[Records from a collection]

========================================================================

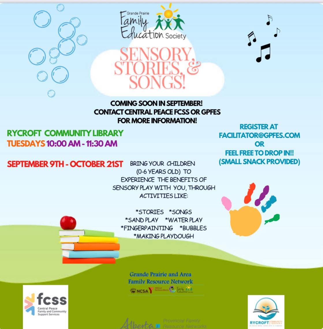 The Grande Prairie Family Education Society invite you to Sensory Stories and Songs, every Tuesday, at the Rycroft Library, from September 9, 2025 through to October 21, 2025.
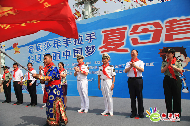 “各族少年手拉手”夏令营活动自2011年起已连续开展了五年,2015年的活动由共青团山东省委、海军北海舰队政治部、海军航空工程学院青岛校区、山东省少工委、中国青少年发展服务中心、共青团青岛市委等单位共同承办。(记者 钮韵涵)
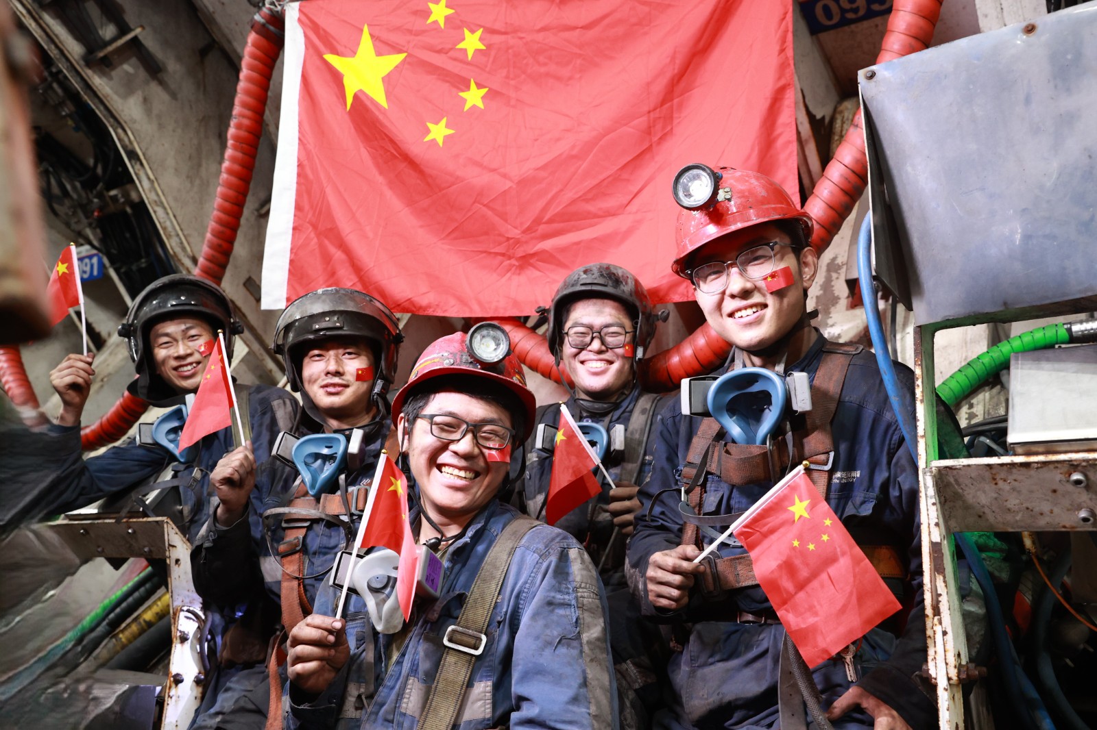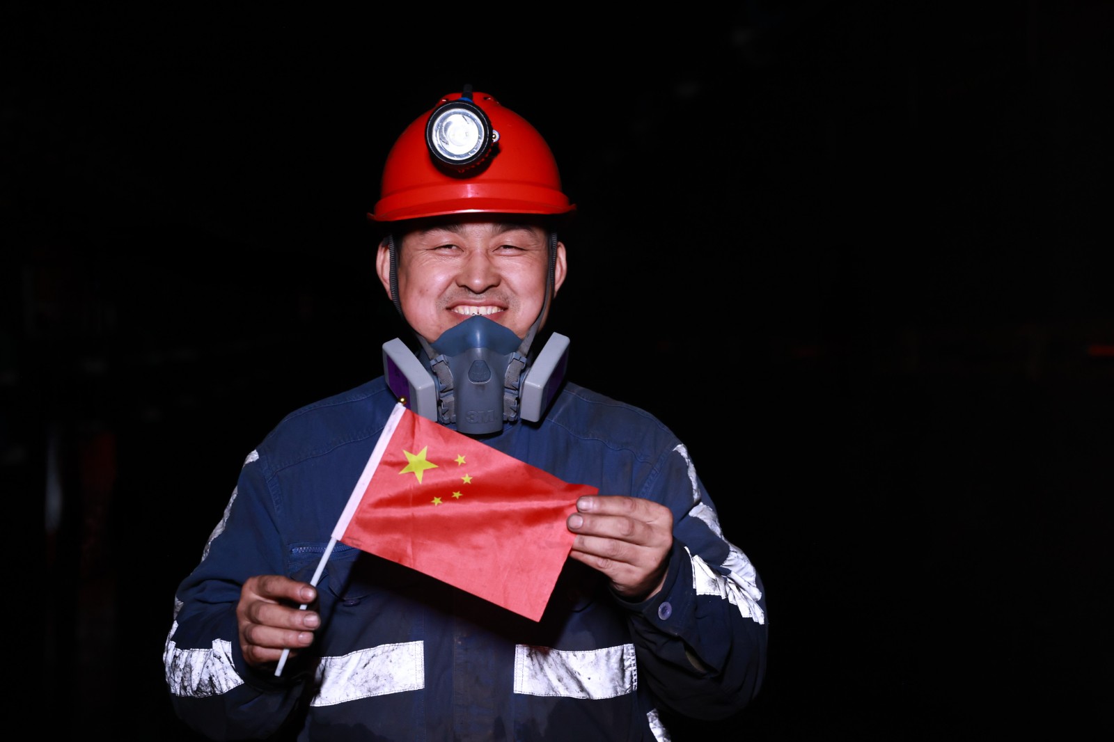 在神东煤炭井巷深处矿工们同国旗合影,立足井下生产一线,以坚守岗位保障能源稳定供应的担当,向祖国母亲深情告白,祝愿伟大祖国生日快乐、繁荣昌盛!作者:吴光丽 摄
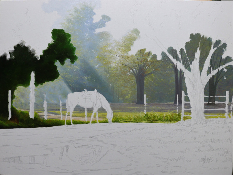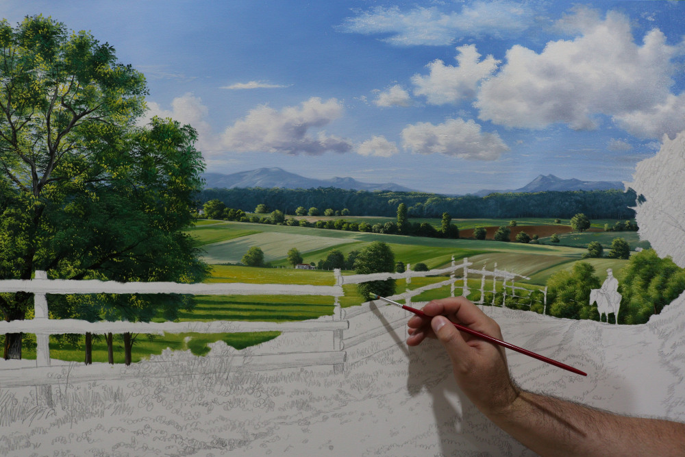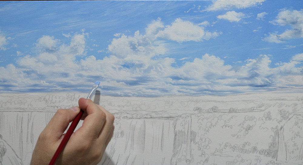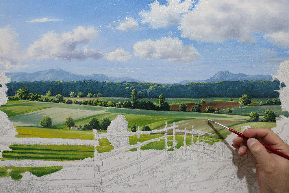 Estudo de desenho, estudo na gama de cores e variações nos tons na paisagem realista, estudos detalhados em nuvens, em árvores, montanhas, relva, água, transparências e reflexos em água, perspectiva atmosférica, perspectiva arquitetônica, paisagem com animais e figurativo humano, proporções e profundidade atmosférica, seleção e escolha de fotos para montagem de cena, luz, sombras, a variação de cores em uma paisagem conforme o horário do dia (manhã, tarde, pôr do sol e noite).
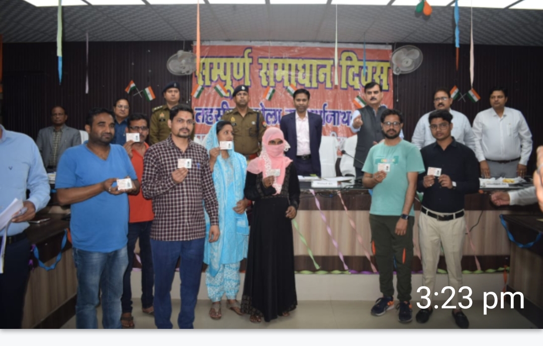 पलियाकलां- खीरी लखीमपुर 16 मार्च। शनिवार को संपूर्ण समाधान दिवस के दौरान सुबह 11 बजे तहसील सभागार गोला गोकर्णनाथ में जिलाधिकारी महेंद्र बहादुर सिंह, पुलिस अधीक्षक गणेश प्रसाद साहा, मुख्य विकास अधिकारी अनिल कुमार सिंह ने दस लाभार्थियों को फैमिली आईडी (एक परिवार-एक पहचान) कार्ड किए। इस दौरान उप जिलाधिकारी रत्नाकर मिश्रा, तहसीलदार सुखबीर सिंह, जिला अर्थ एवं संख्या अधिकारी अरविंद कुमार वर्मा मौजूद रहे।
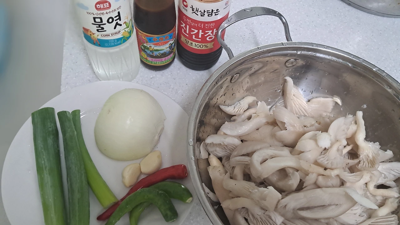 1. 버섯은 깨끗하게 씻고 헹궈 한입 크기 세로로 썬다.
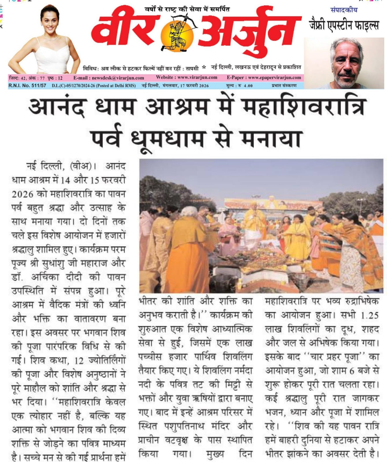 Mahashivratri 2026 was celebrated with immense devotion and spiritual fervor at Anand Dham Ashram, New Delhi, on February 14 and 15. The sacred two-day event witnessed thousands of devotees participating in traditional rituals in the divine presence of Param Pujya Shri Sudhanshu Ji Maharaj and Dr. Archika Didi. A remarkable spiritual highlight was the preparation and consecration of 1.25 lakh Parthiv Shivlings crafted from holy Narmada soil. The grand Rudrabhishek ceremony and rare Four Prahar Puja continued throughout the night, filling the ashram with Vedic chants and divine energy. The celebrations, also featured in Vir Arjun newspaper, reflected deep faith, unity, and spiritual awakening among devotees honoring Lord Shiva.
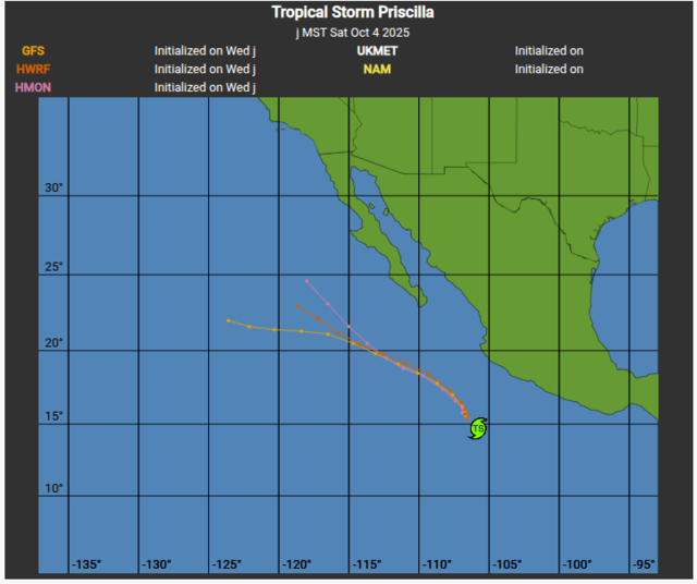 Reminding us that hurricane season isn't over, EP99 just became named storm Priscilla, currently a tropical storm off the Southwest coast of Mexico.
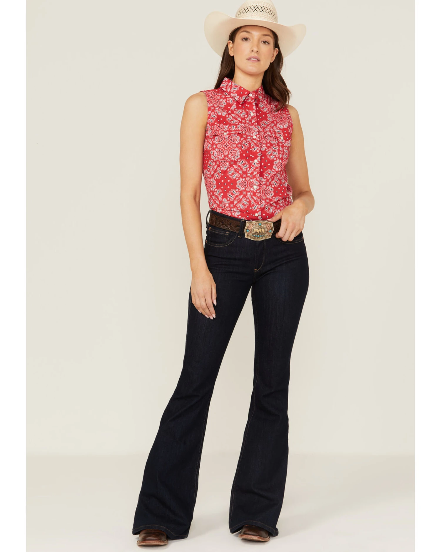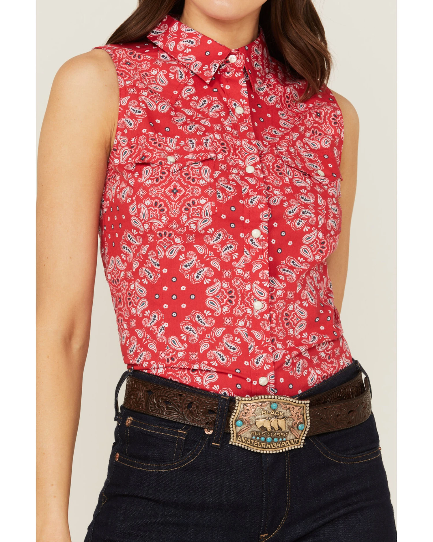 Wrangler Women’s Americana Paisley Print Sleeveless Snap Western Shirt

========================================================================

Skip the pictures. Restate exactly the lines from the start of the entries through the line containing "在神东煤炭井巷深处矿工们同国", both ends included.

 The Grande Prairie Family Education Society invite you to Sensory Stories and Songs, every Tuesday, at the Rycroft Library, from September 9, 2025 through to October 21, 2025.
 “各族少年手拉手”夏令营活动自2011年起已连续开展了五年,2015年的活动由共青团山东省委、海军北海舰队政治部、海军航空工程学院青岛校区、山东省少工委、中国青少年发展服务中心、共青团青岛市委等单位共同承办。(记者 钮韵涵)
 在神东煤炭井巷深处矿工们同国旗合影,立足井下生产一线,以坚守岗位保障能源稳定供应的担当,向祖国母亲深情告白,祝愿伟大祖国生日快乐、繁荣昌盛!作者:吴光丽 摄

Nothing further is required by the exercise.